▸ WORK TO COMPLETE
Leave the pictures out and restate every line below exactly.

━━━ SOURCE MATERIAL ━━━

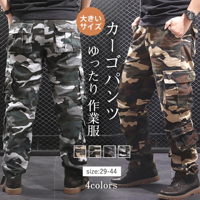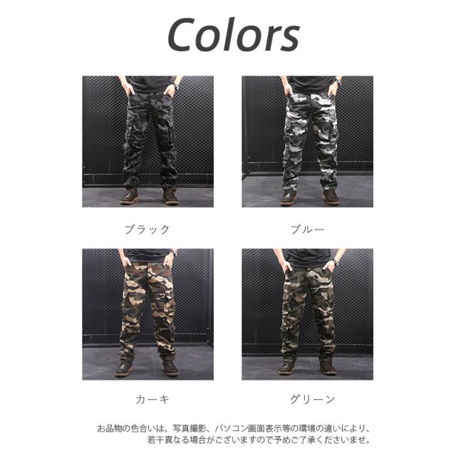カーゴパンツ メンズ ミリタリーパンツ 迷彩柄 コットン ワークパンツ ストレート 作業着 カラーパンツ 軍パン カジュアル 大き
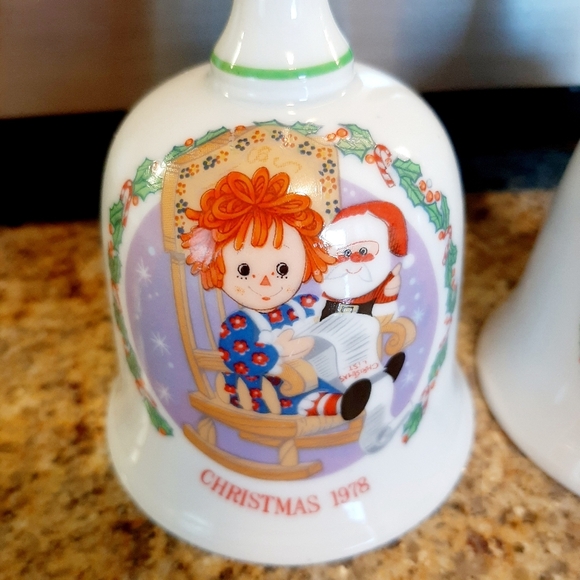 Set of two vtg Raggedy Ann ceramic Christmas Bells. 1977 and 1978 collectible bells by the Bobbs-Merrill Company. EUC no chips or cracks. Bells are approximately 5.75" tall.
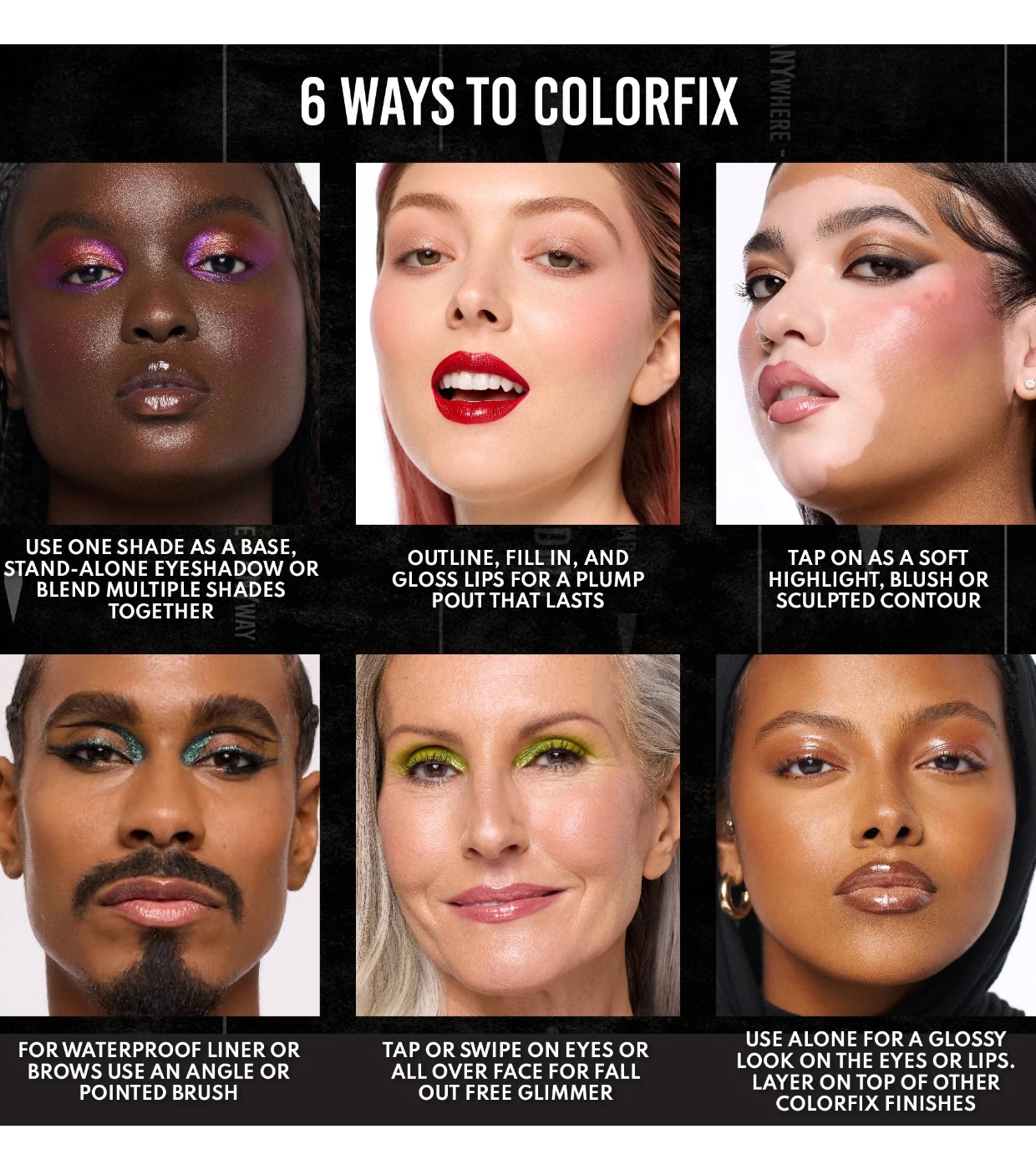 A linha nude lhe dará a oportunidade de usar ColorFix sem esforço para contornar, para criar uma base de sombra natural, como corretivo, para cobrir as sobrancelhas, para um efeito de lábios nude e muito mais.
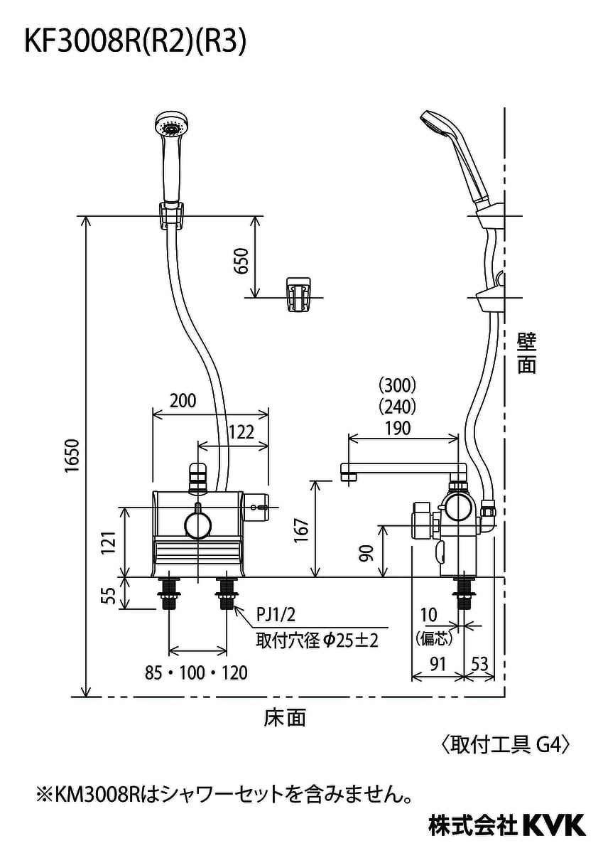 デッキ形サーモスタット式シャワー 右ハンドル仕様 (240mmパイプ付) メッキワンストップシャワーヘッド付

━━━

▸ SOLUTION
カーゴパンツ メンズ ミリタリーパンツ 迷彩柄 コットン ワークパンツ ストレート 作業着 カラーパンツ 軍パン カジュアル 大き
 Set of two vtg Raggedy Ann ceramic Christmas Bells. 1977 and 1978 collectible bells by the Bobbs-Merrill Company. EUC no chips or cracks. Bells are approximately 5.75" tall.
 A linha nude lhe dará a oportunidade de usar ColorFix sem esforço para contornar, para criar uma base de sombra natural, como corretivo, para cobrir as sobrancelhas, para um efeito de lábios nude e muito mais.
 デッキ形サーモスタット式シャワー 右ハンドル仕様 (240mmパイプ付) メッキワンストップシャワーヘッド付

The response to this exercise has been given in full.